I've two clustered servers with WebLogic Server 10.3.5.
Sometimes it seems that the scheduling of quartz goes crazy. Analyzing the conditions in which it occurs, there seems to be a clock "desynchronization" greater than a second between the clustered servers. However this desynchronization is not always due to the system time of the servers, sometimes it seems that even if the clocks of the machines are synchronized, there is a little "delay" introduced by the JVM.
Has anyone encountered the same problem? Is there a way to solve it?
Thanks in advance

When using a JDBC-JobStore on Oracle with version 2.2.1, I experienced the same problem.
In my case, I was running Quartz on a single node. However, I noticed the database machine was not time synchronized with the node running Quartz.
I activated ntpd on both the database machine and the machine running Quartz, and the problem went away after a few minutes.

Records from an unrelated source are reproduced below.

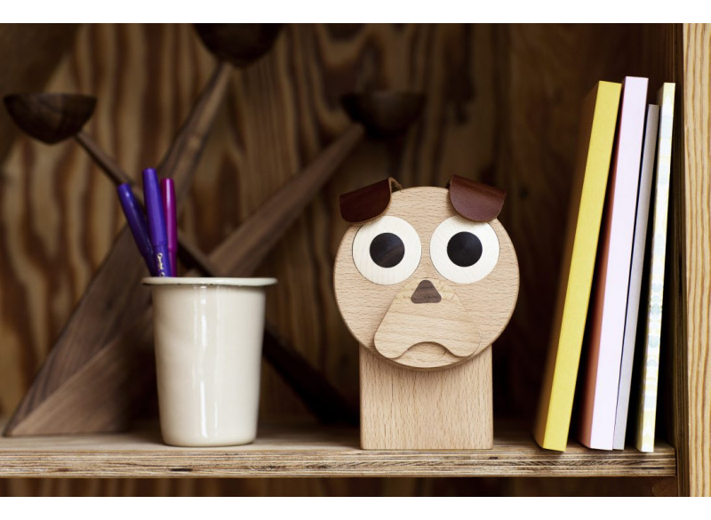 Tinder Dog er lavet i bøg, ahorn og valnød. Ørerne og halen er i kolæder.
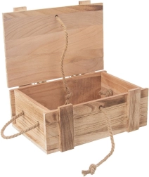 La caisse convient aussi comme emballage cadeau original – la personne qui la reçoit pourra réutiliser le coffret après l’ouverture. Les poignées en corde sur les côtés permettent un transport facile d’un endroit à l’autre.
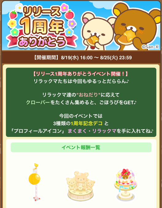 リラックマ 公式twitterにて 夏日記 スタート 8月2日パンツの日にはおニューのパンツでごきげんさん にじめん
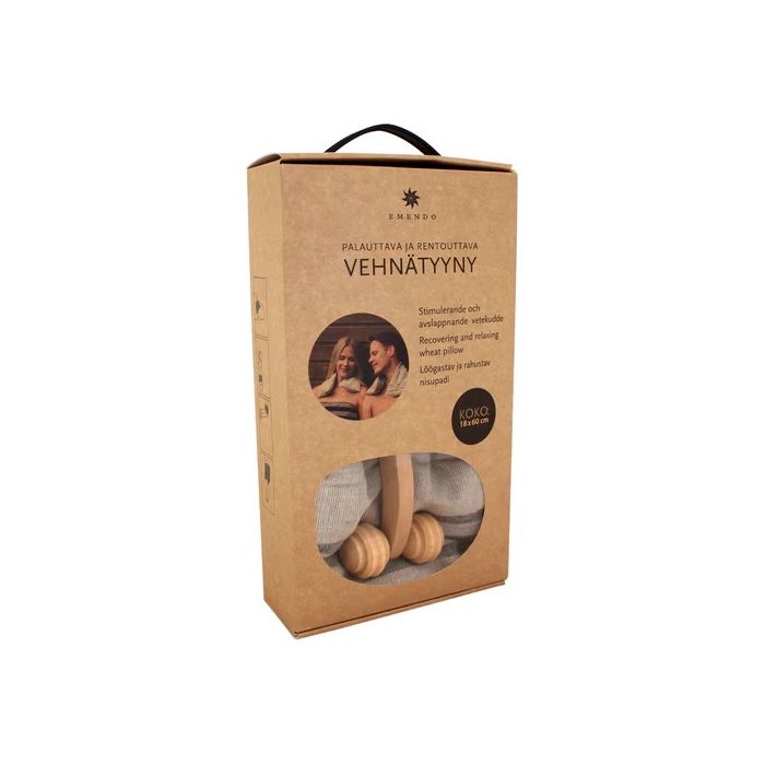 Emendon lämmitettävä vehnätyyny on helppokäyttöinen ja luonnollinen apu jäykille hartioille ja lihaksille. Lämmitä tyynyä muutama minuutti mikrossa (aseta mikroon lämmityksen ajaksi vesilasi puolillaan kylmää vettä) tai uunissa (käärittynä folioon), aseta jännittyneeseen kohtaan ja rentoudu. Voidaan käyttää myös kylmähoitona. Hyvää oloa tyylikkäässä pakkauksessa itselle tai lahjaksi!

The issue is most often happens because of de-synchronisation of time in cluster nodes.
However it also may be caused by unstable connection of application to DB. Such connection problems may be caused by network problems (if application server and DB server are on different machines) or performance problems (DB server processes requests very slowly by some reason).
In such case chances of appearance of this issue may be reduced by increasing org.quartz.jobStore.clusterCheckinInterval value.

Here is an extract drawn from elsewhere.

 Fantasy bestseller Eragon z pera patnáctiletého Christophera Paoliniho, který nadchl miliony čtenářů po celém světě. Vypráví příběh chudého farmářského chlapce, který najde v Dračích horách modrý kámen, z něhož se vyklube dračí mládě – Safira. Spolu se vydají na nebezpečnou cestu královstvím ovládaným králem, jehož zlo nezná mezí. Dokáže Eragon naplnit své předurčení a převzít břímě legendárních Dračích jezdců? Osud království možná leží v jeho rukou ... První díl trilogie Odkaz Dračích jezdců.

I am using Quartz 2.2.1 and I notice a strange behavior whenever a cluster recovery occurs.
For instance, even if the machines have been synchronized with ntpdate service I obtain this message on cluster instance recovery:
org.quartz.impl.jdbcjobstore.JobStoreSupport findFailedInstances “This scheduler instance () is still active but was recovered by another instance in the cluster. This may cause inconsistent behavior”.
Here says that the solution is: "Synchronize the time on all cluster nodes and then restart the cluster. The messages should no longer appear in the log."
As every machine is synchronized maybe this "delay" is introduced by the JVM?? I don´t know...:(

This issue is nearly always attributable to clock-skew. Even if you think you have NTPd setup properly a couple of things can still happen:
We thought we had NTPd working (and it was configured properly) but on AWS the firewalls were blocking the NTP ports. UDP 123. Again, that's UDP not TCP.
If you don't sync often enough you will accumulate clock-skew. The accuracy of the timers on many motherboards is notoriously wonky. Thus over time (days) suddenly you get these Quartz errors. Over 5 minutes and you get many security errors like Kerberos for example.
So the moral of this story is sync with NTPd but do it often and verify it is actually working.

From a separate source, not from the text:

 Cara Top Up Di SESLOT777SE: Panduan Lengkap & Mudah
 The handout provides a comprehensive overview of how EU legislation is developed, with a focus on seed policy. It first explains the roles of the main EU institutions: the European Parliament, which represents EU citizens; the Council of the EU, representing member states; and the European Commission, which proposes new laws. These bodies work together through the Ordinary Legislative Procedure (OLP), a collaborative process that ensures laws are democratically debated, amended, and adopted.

I faced the same issue. Firstly you should check the logs and time sync for your cluster.
The marker is messages in logs:
08-02-2018 17:13:49.926 [QuartzScheduler_schedulerService-pc6061518092456074_ClusterManager] INFO o.s.s.quartz.LocalDataSourceJobStore - ClusterManager: detected 1 failed or restarted instances.
08-02-2018 17:14:06.137 [QuartzScheduler_schedulerService-pc6061518092765988_ClusterManager] WARN o.s.s.quartz.LocalDataSourceJobStore - This scheduler instance (pc6061518092765988) is still active but was recovered by another instance in the cluster.
When the first node observed that the second node is absent more than org.quartz.jobStore.clusterCheckinInterval it unregistered the second node from the cluster and removed all its triggers.
Take a look to the synchronization algorithm: org.quartz.impl.jdbcjobstore.JobStoreSupport.ClusterManager#run
It may happen when 'check in' takes long time.
My solution is to override org.quartz.impl.jdbcjobstore.JobStoreSupport#calcFailedIfAfter. The hardcoded value '7500L' looks like as the grace period. I replaced it as parameter.
Note: If you using SchedulerFactoryBean be careful with registering new JobStoreSupport subclass. The Spring forcibly register own store org.springframework.scheduling.quartz.LocalDataSourceJobStore.

Related

Using Apache Ignite some expired data remains in memory with TTL enabled and after thread execution

Issue
Create an ignite client (in client mode false) and put some data (10k entries/values) to it with very small expiration time (~20s) and TTL enabled.
Each time the thread is running it'll remove all the entries that expired, but after few attempts this thread is not removing all the expired entries, some of them are staying in memory and are not removed by this thread execution.
That means we got some expired data in memory, and it's something we want to avoid.
Please can you confirm that is a real issue or just misuse/configuration of my setup?
Thanks for your feedback.
Test
I've tried in three different setups: full local mode (embedded server) on MacOS, remote server using one node in Docker, and also remote cluster using 3 nodes in kubernetes.
To reproduce
Git repo: https://github.com/panes/ignite-sample
Run MyIgniteLoadRunnerTest.run() to reproduce the issue described on top.
(Global setup: Writing 10k entries of 64octets each with TTL 10s)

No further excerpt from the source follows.